Most mathematicians would agree that their subject has evolved from the traditional disciplines of arithmetic and geometry. We have built an elaborate superstructure on these twin foundations and so the nature of "mathematical reality" can be adequately dealt with by posing basic questions about the integers 1,2,3... and about the Euclidean geometry of triangles, circles, and so on. Connes is an unabashed Platonist. For him there is an "archaic mathematical reality" represented by objects such as circles or integers, which has an existence, independent of experience or of the human mind. One practical consequence of such a belief, already adopted by the National Aeronautics and Space Administration (Nasa), is that mathematics provides the best form of potential communication with any extraterrestrial intelligence.
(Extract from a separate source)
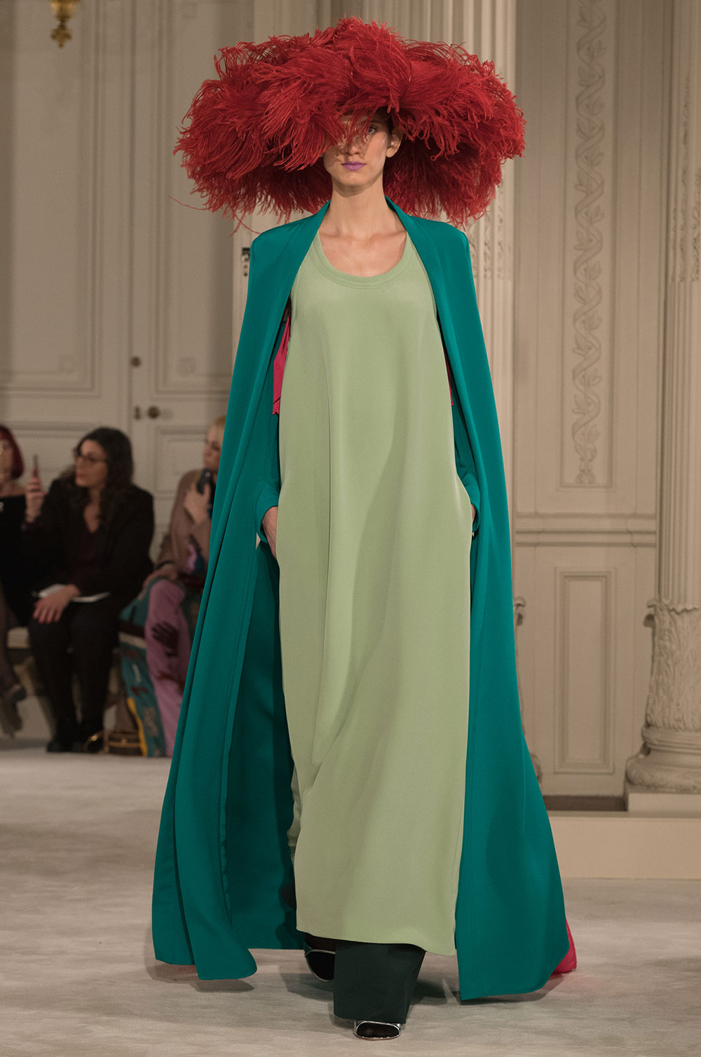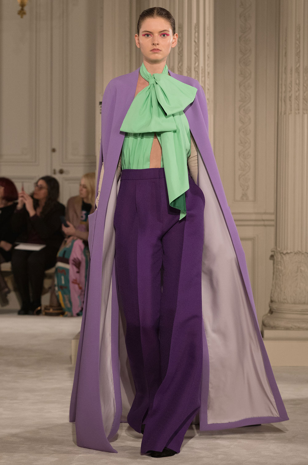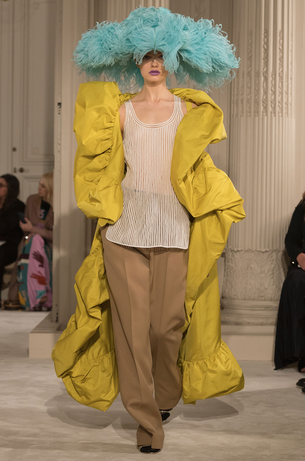 シルクタフタコートは大きなラッフルが揺れ、衣擦れの音がする。ランニングトップとワイドパンツを合わせてさらりと着ている。フェザーが揺れる大きなハットが女性の動きを優雅に見せる。コートやドレスのウエストに、あるいは首元に大きく結ぶリボンがカラーコントラストを加えている。シルクガザータの量感たっぷりのケープにフレアードレス、Vや直線ラインのドレスなど冴えあるカッティングはメゾンの技だ。

Any mathematician must sympathise with Connes. We all feel that the integers, or circles, really exist in some abstract sense and the Platonist view is extremely seductive. But can we really defend it? Had the universe been one-dimensional or even discrete it is difficult to see how geometry could have evolved. It might seem that with the integers we are on firmer ground, and that counting is really a primordial notion.
But let us imagine that intelligence had resided, not in mankind, but in some vast solitary and isolated jellyfish, deep in the depths of the Pacific. It would have no experience of individual objects, only with the surrounding water. Motion, temperature and pressure would provide its basic sensory data. In such a pure continuum the discrete would not arise and there would be nothing to count.
Even more fundamentally, in a purely static universe without the notion of time, causality would disappear and with it that of logical implication and of mathematical proof. Connes actually alludes to this philosophical dilemma in the context of relativistic cosmology.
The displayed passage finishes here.